Suppose that you are researching a given issue. Maybe you have a medical condition or you are looking for the best algorithm to solve your current problem.
A good heuristic is to enter reasonable keywords in Google Scholar. This will return a list of related research papers. If you are lucky, you may even have access to the full text of these research papers.
Is that good enough? No.
Scholarship, on the whole, tends to improve with time. More recent papers incorporate the best ideas from past work and correct mistakes. So, if you have found a given research paper, you’d really want to also get a list of all papers building on it…
Thankfully, a tool like Google Scholar allows you to quickly access a list of papers citing a given paper.
Great, right? So you just pick your research paper and review the papers citing them.
If you have ever done this work, you know that most of your effort will be wasted. Why? Because most citations are shallow. Almost none of the citing papers will build on the paper you picked. In fact, many researchers barely even read the papers that they cite.
Ideally, you’d want Google Scholar to automatically tell apart the shallow citations from the real ones.
This whole problem should be familiar to anyone involved in web search. Lots of people try to artificially boost the ranking of their web sites. How did the likes of Google respond? By getting smarter: they use machine learning to learn the best ranking using many parameters (not just citations).
It seems we should do the same thing with research papers. Last year, I looked in the problem and found that machine learning folks had not addressed this issue to my satisfaction. To help attract attention to this problem, we asked volunteers to identify which references, in their own papers, were really influential. We recently made the dataset available.
The result? Our dataset contains 100 annotated papers. Each paper cites an average of 30 papers, out of which only about 3 are influential.

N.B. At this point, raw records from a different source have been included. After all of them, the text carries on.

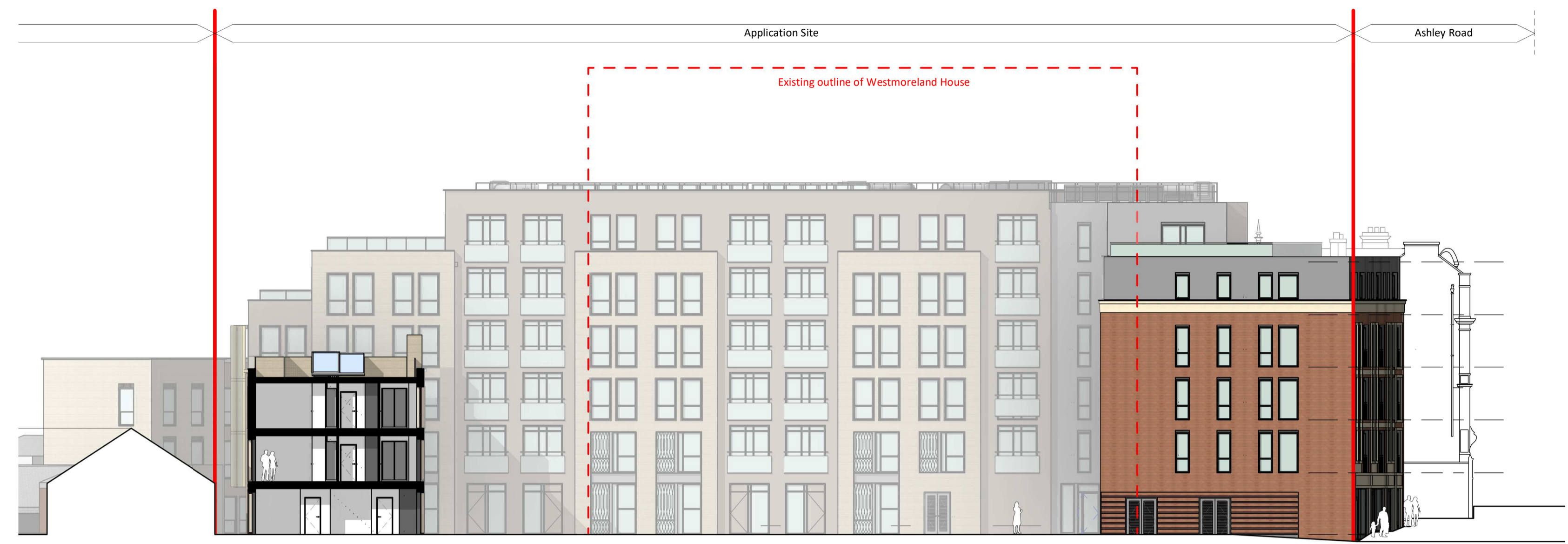
Sectional Elevation CC - Looking South West from the Residential Courtyard 1 : 200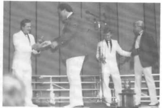
1989 District Quartet Champs POWER PLAY receive trophies from 1988 Champs LEGACY.

Two Sets of Good Used Uniforms for Chorus of 50-55 men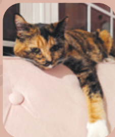
Millie, North Glenmore Park

To have your pet featured, email news@mycalgary.com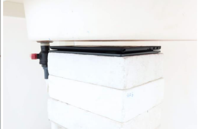
Bottom Face at 14 mm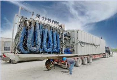
Heavy Haul Trucks/Trailers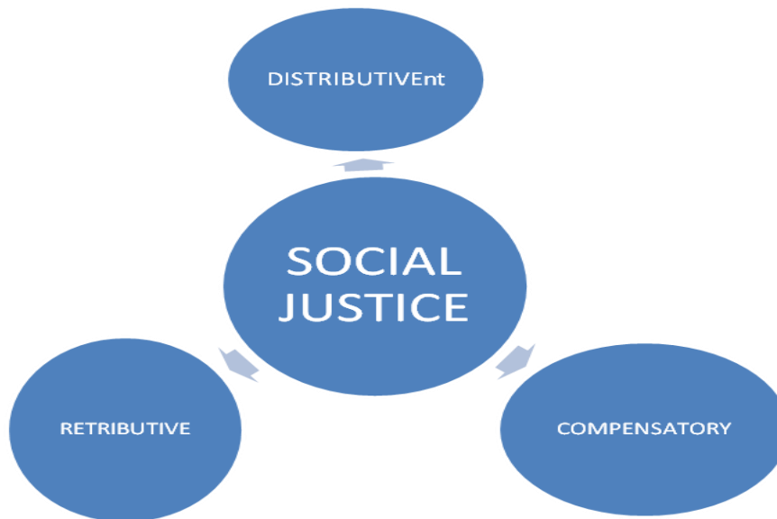
Figure 2: Basic Social Justice

convict for his/her criminal activities. An assortment of different man made (General) systems of Social Justice have been present here under.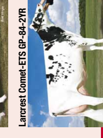
Larcrest Comet-ETS GP-84-2YR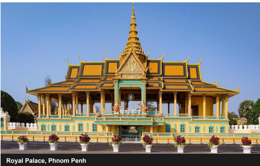
Royal Palace, Phnom Penh

The Royal Palace in Phnom Penh is a complex of buildings that serves as the residence of the King of Cambodia. The palace was built by King Norodom Sihanouk in

If you can write software to identify these influential citations, then you could make a system like Google Scholar much more useful. The same way GMail sorts my mail into “priority” and “the rest”, you could imagine Google Scholar sorting the citations into “important” and “the rest”. Google Scholar could also offer better ranking. That would be a great time saver.
Though we make the dataset available, we did not want to passively wait from someone to check whether it was possible to do something with it. The result was a paper recently accepted by JASIST for publication, probably in 2014. Some findings that I find interesting:
- Out of dozens of features, the most important feature is how often the reference is cited in the citing paper. That is, if you keep citing a reference, then you are more likely to be building on this reference.
- The recency of a reference matters. For example, if you are citing a paper that just appeared, your citation is more likely to be shallow.
- We have been using citations to measure the impact of a researcher, through the h-index. Could we get a better measure if we gave more weight to influential references? To this end, we proposed the hip-index and it appears to be better than the h-index. See Andre Vellino’s blog post on this topic.
You can grab the preprint right away. Though I think the paper does a good job at covering the basic features, there is much room for improvement and related work. We have an extensive future work section which you should check out if you are interested in contributing to this important problem.
Credit: Most of the credit for this work goes to my co-authors. Much of the heavy lifting was done by Xiaodan Zhu.